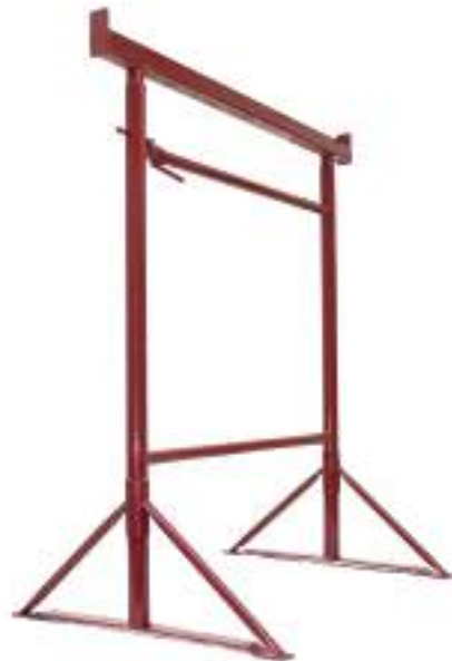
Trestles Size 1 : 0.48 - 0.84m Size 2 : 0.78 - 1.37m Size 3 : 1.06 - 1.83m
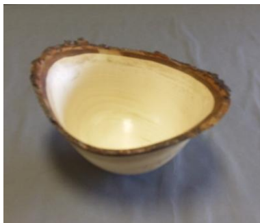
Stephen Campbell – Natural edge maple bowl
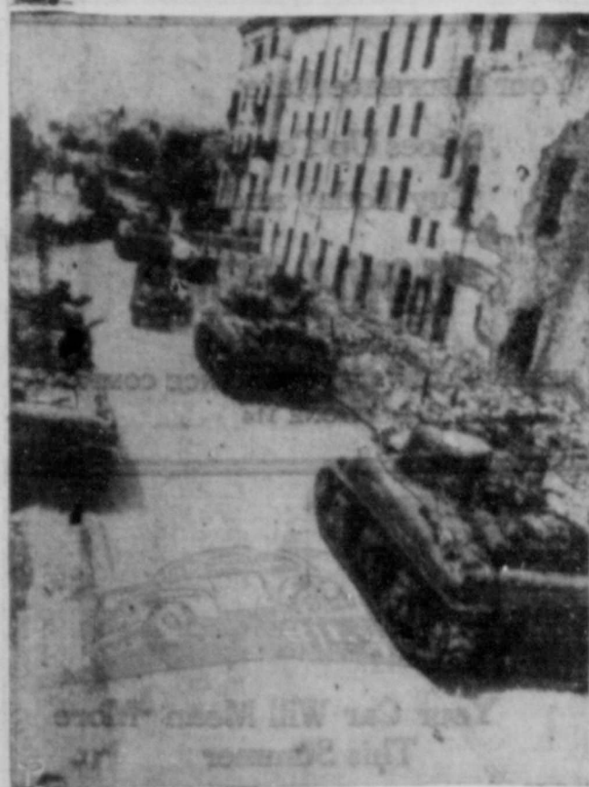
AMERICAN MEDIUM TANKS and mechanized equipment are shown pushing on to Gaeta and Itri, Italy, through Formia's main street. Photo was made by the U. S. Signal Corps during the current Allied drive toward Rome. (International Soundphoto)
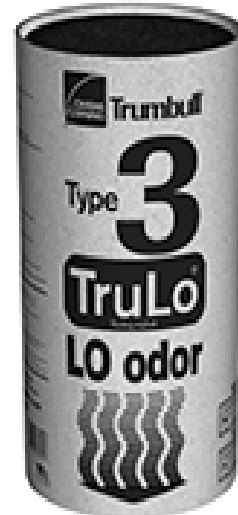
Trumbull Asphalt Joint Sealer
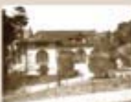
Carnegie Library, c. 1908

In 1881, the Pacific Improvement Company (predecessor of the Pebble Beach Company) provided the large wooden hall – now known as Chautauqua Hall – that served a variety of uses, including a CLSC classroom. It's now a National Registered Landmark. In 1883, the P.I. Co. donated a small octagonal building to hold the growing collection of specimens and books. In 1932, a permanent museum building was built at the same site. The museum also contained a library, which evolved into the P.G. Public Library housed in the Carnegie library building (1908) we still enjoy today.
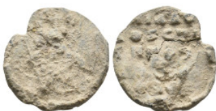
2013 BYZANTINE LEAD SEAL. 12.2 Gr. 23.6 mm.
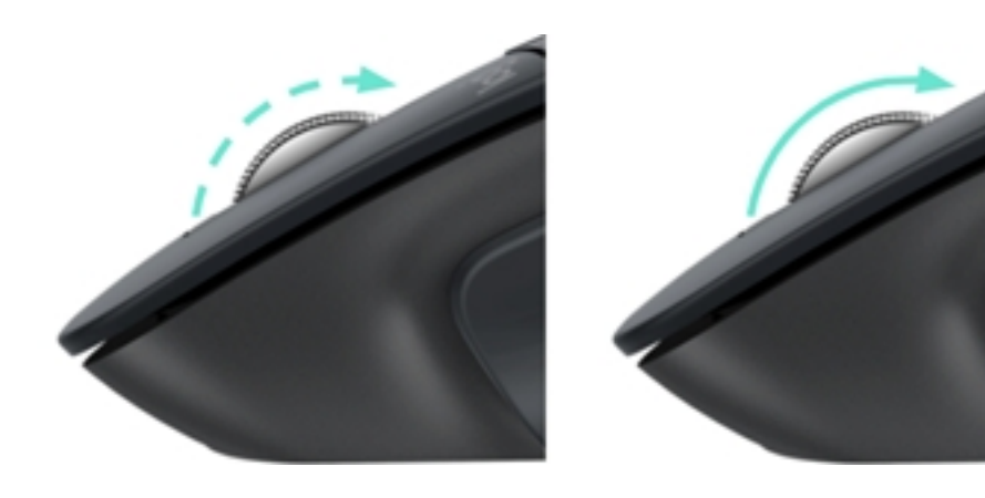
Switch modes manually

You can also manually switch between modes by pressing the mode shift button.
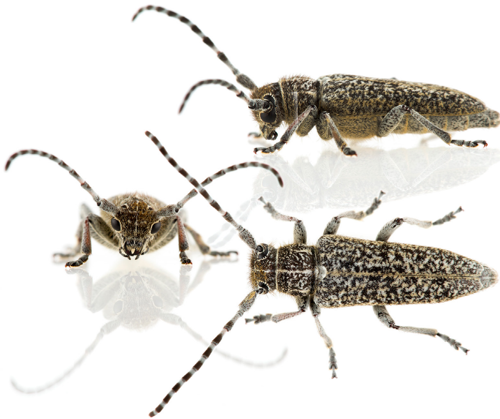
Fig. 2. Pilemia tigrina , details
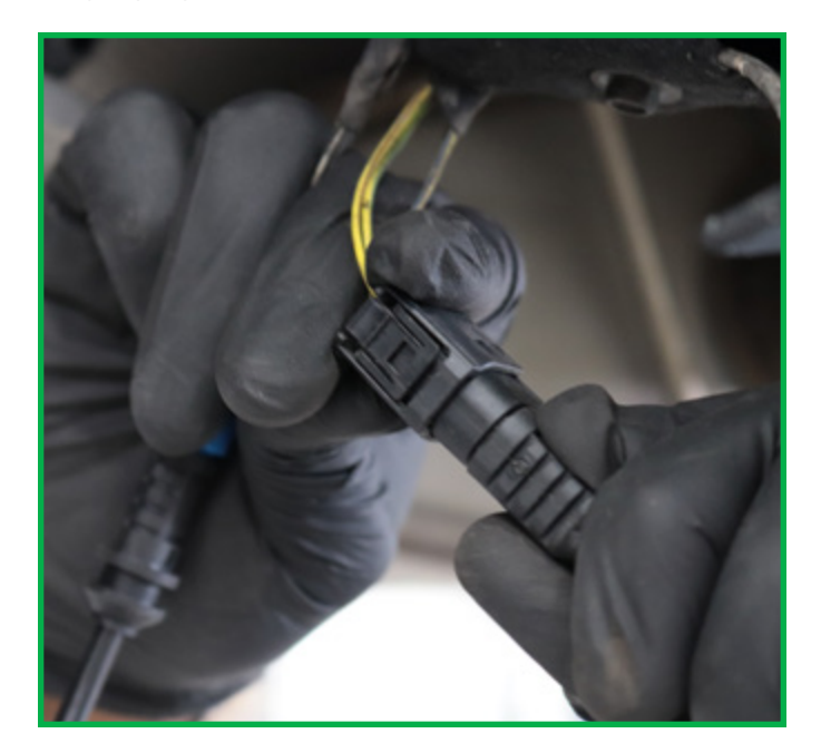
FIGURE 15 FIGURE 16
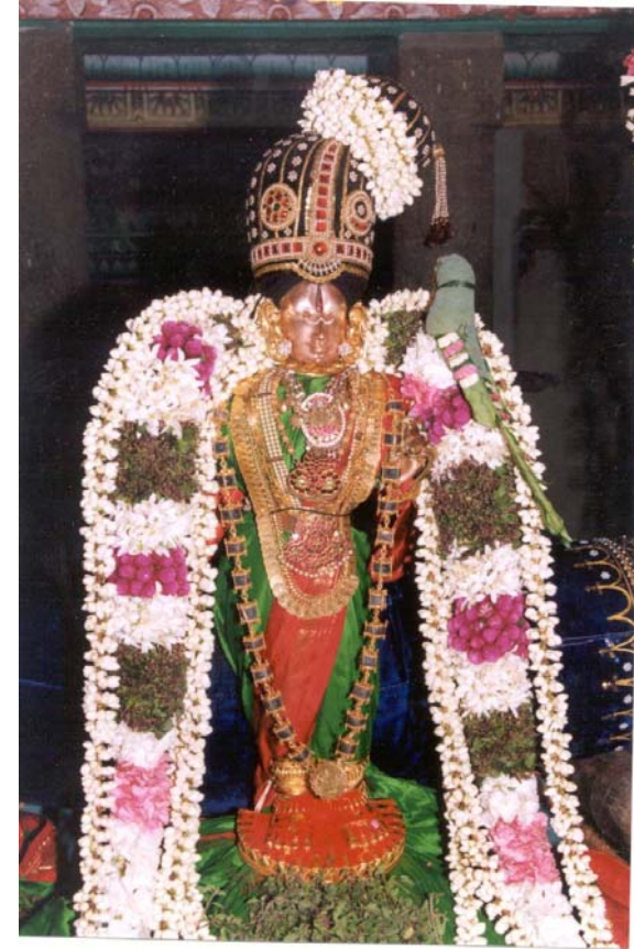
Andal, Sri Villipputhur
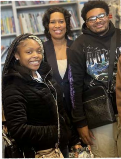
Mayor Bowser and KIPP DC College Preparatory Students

---

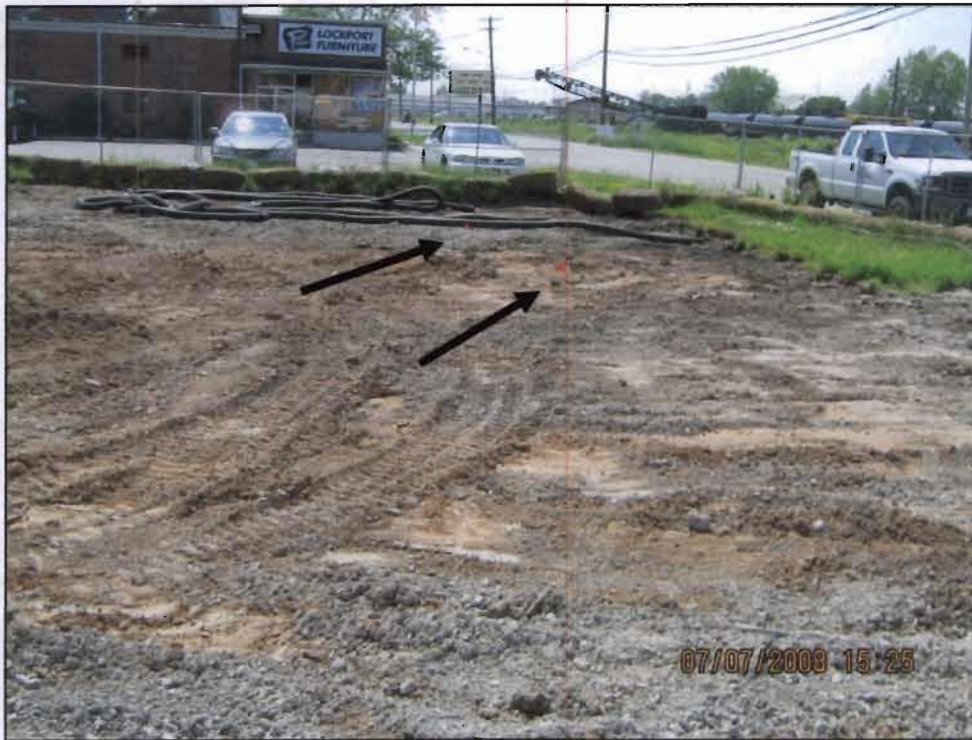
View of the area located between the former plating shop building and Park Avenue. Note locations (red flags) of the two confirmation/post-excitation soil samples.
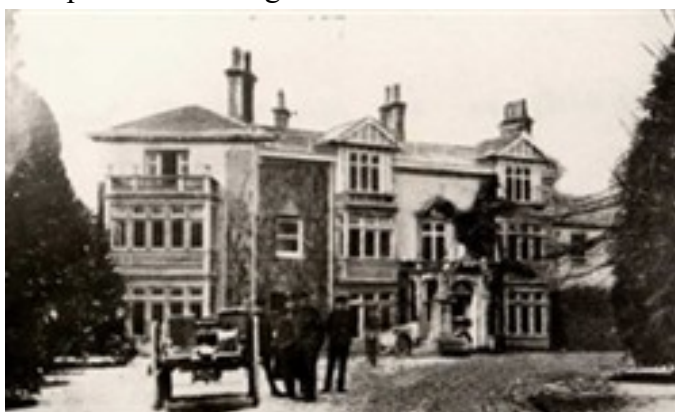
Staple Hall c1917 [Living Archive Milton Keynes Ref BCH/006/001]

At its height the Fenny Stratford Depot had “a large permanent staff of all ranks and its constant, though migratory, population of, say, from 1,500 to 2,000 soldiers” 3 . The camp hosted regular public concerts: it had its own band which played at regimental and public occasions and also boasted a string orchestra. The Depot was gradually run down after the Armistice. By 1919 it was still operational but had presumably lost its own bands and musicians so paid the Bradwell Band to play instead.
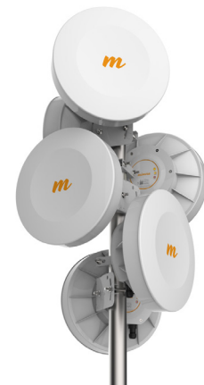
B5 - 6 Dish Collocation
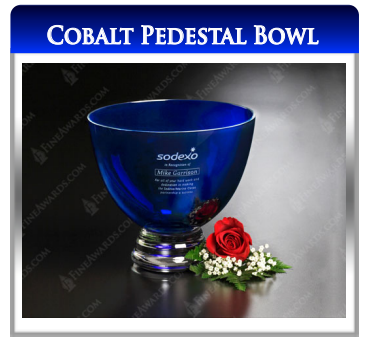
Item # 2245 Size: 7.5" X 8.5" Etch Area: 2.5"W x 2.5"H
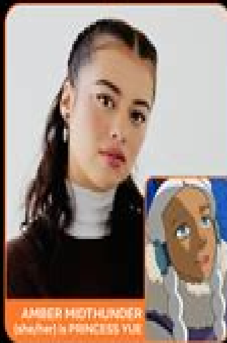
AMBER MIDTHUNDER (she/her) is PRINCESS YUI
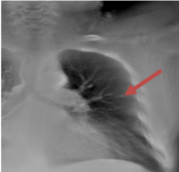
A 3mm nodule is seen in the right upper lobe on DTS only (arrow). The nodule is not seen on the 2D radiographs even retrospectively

_Problem description_.
Working from the entries above, please transcribe only the lines from the line with "Staple Hall c1917" through the line with "AMBER MIDTHUNDER (she/her) is PRINCESS YUI", exactly, with both end lines and without pictures.

_Result of the exercise_.
Staple Hall c1917 [Living Archive Milton Keynes Ref BCH/006/001]

At its height the Fenny Stratford Depot had “a large permanent staff of all ranks and its constant, though migratory, population of, say, from 1,500 to 2,000 soldiers” 3 . The camp hosted regular public concerts: it had its own band which played at regimental and public occasions and also boasted a string orchestra. The Depot was gradually run down after the Armistice. By 1919 it was still operational but had presumably lost its own bands and musicians so paid the Bradwell Band to play instead.
B5 - 6 Dish Collocation
Item # 2245 Size: 7.5" X 8.5" Etch Area: 2.5"W x 2.5"H
AMBER MIDTHUNDER (she/her) is PRINCESS YUI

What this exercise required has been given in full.